Tomás Arias Ávila (December 29, 1856 in Panama City, Panama – July 20, 1932 in Panama City, Panama) was a Panamanian politician and businessman who was, together with José Agustín Arango and Federico Boyd, a member of the provisional junta that governed Panama after its independence in 1903.

Tomás Arias was the son of Ramon Arias and Manuela Avila. A businessman, Arias attended schools in Panama, Jamaica, and the United States. Arias was one of the leaders during the emancipation movement in 1903.  His brother, Ricardo Arias, was also part of the movement. Tomás Arias's eloquence and talent as a public speaker won him the designation of diplomat representing the Isthmus of Panama.

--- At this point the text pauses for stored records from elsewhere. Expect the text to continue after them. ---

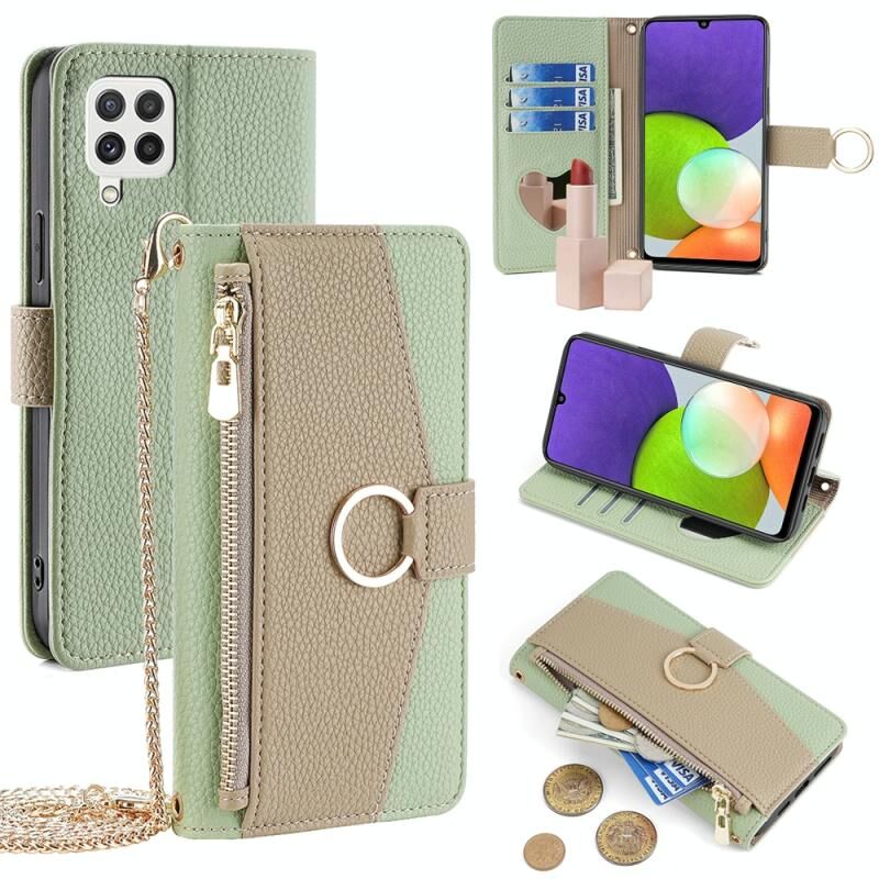 Για Samsung Galaxy A22 4G Crossbody Litchi Υφή δερμάτινη θήκη τηλεφώνου (πράσινο)
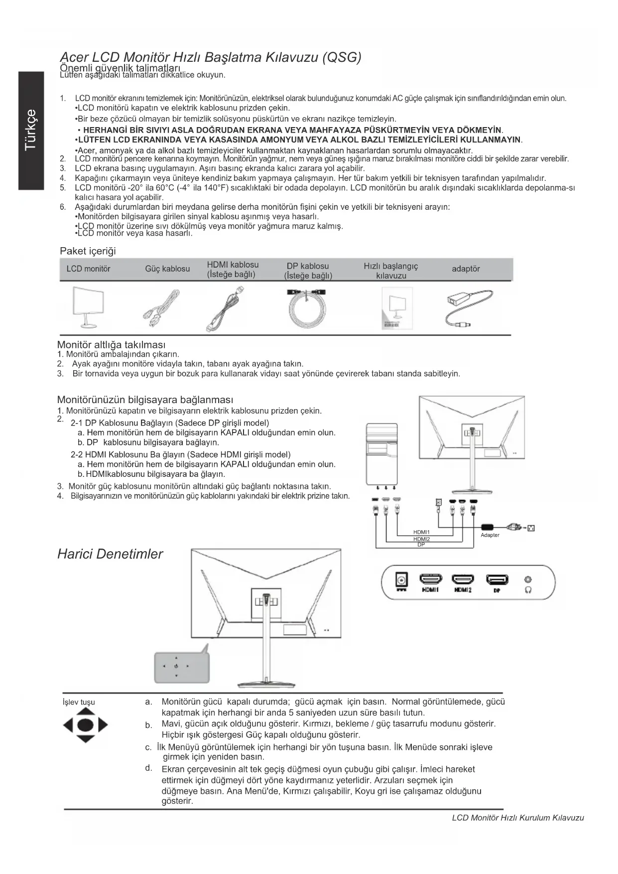 - LCD monitör üzerine sıvı dökülmüş veya monitör yağmura maruz kalmış. LCD monitör veya kasa hasarlı.LCD monitör Güç kablosuDP kablosu (İsteğe bağlı)HDMI kablosu (İsteğe bağlı)Hızlı başlangıç kılavuzu Monitör altlığa takılması
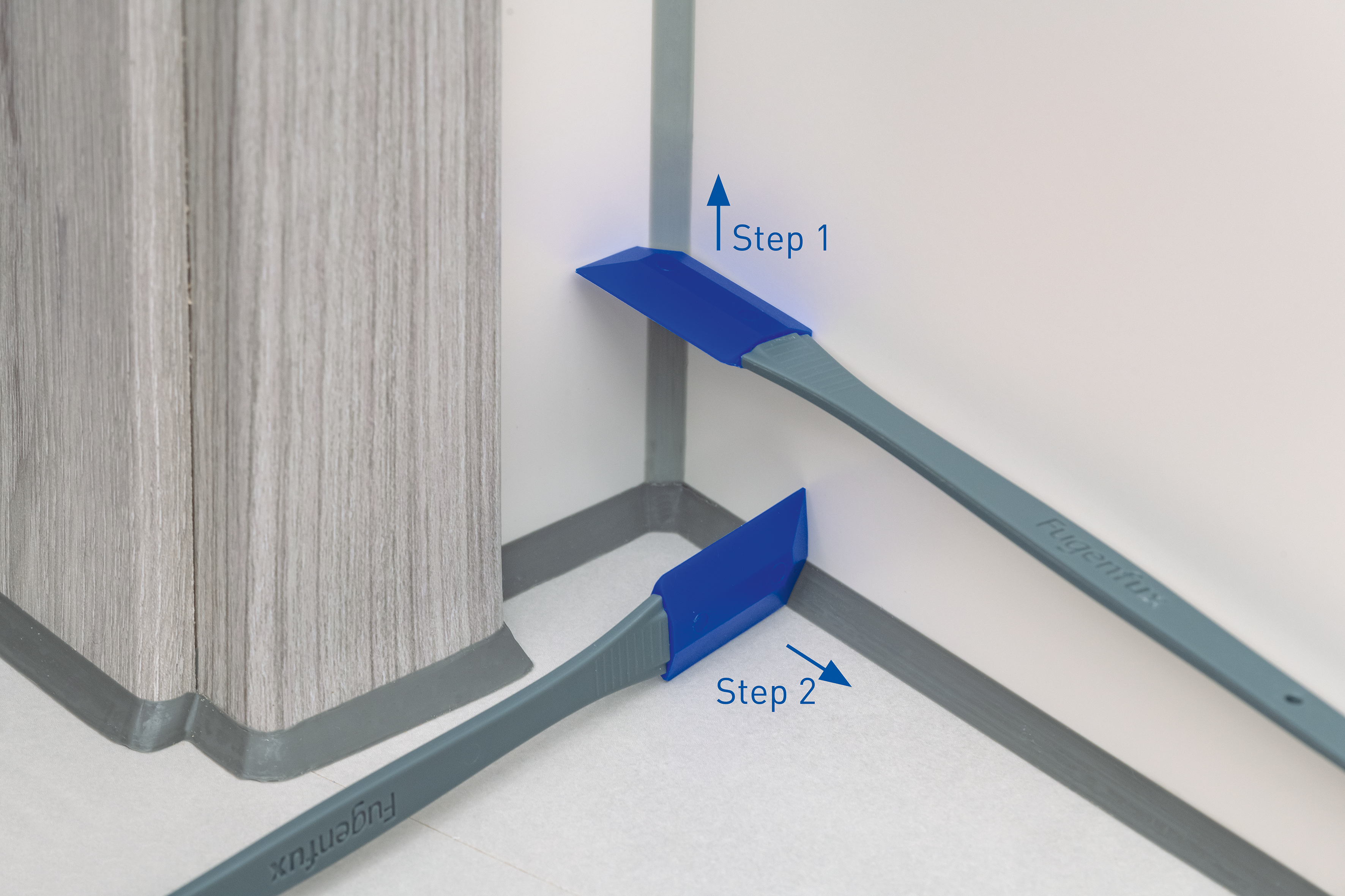 Van tevoren is het van belang om de Fugenfux 4'er set te bevochtigen in een schone bak. Hierna is het mogelijk om de FugenFux met gelijkmatige druk over de gevulde voeg te trekken. De overtollige afdichtkit kan in de afvalbak verwijdert worden.

During his political career he held several posts: Treasury administrator, Departmental Assembly deputy (1882), representative to the Colombian Congress, senator (1888-1892), government secretary (1893-1900), foreign relations minister, chairman of the National Assembly (1906), minister of Panama in Mexico, consul, President of the Republic of Panama (1903-1904).

Arias, as well as José Agustín Arango, defended the Hay–Bunau-Varilla Treaty because he was convinced that it was the only guarantee of the possible construction of the Panama Canal.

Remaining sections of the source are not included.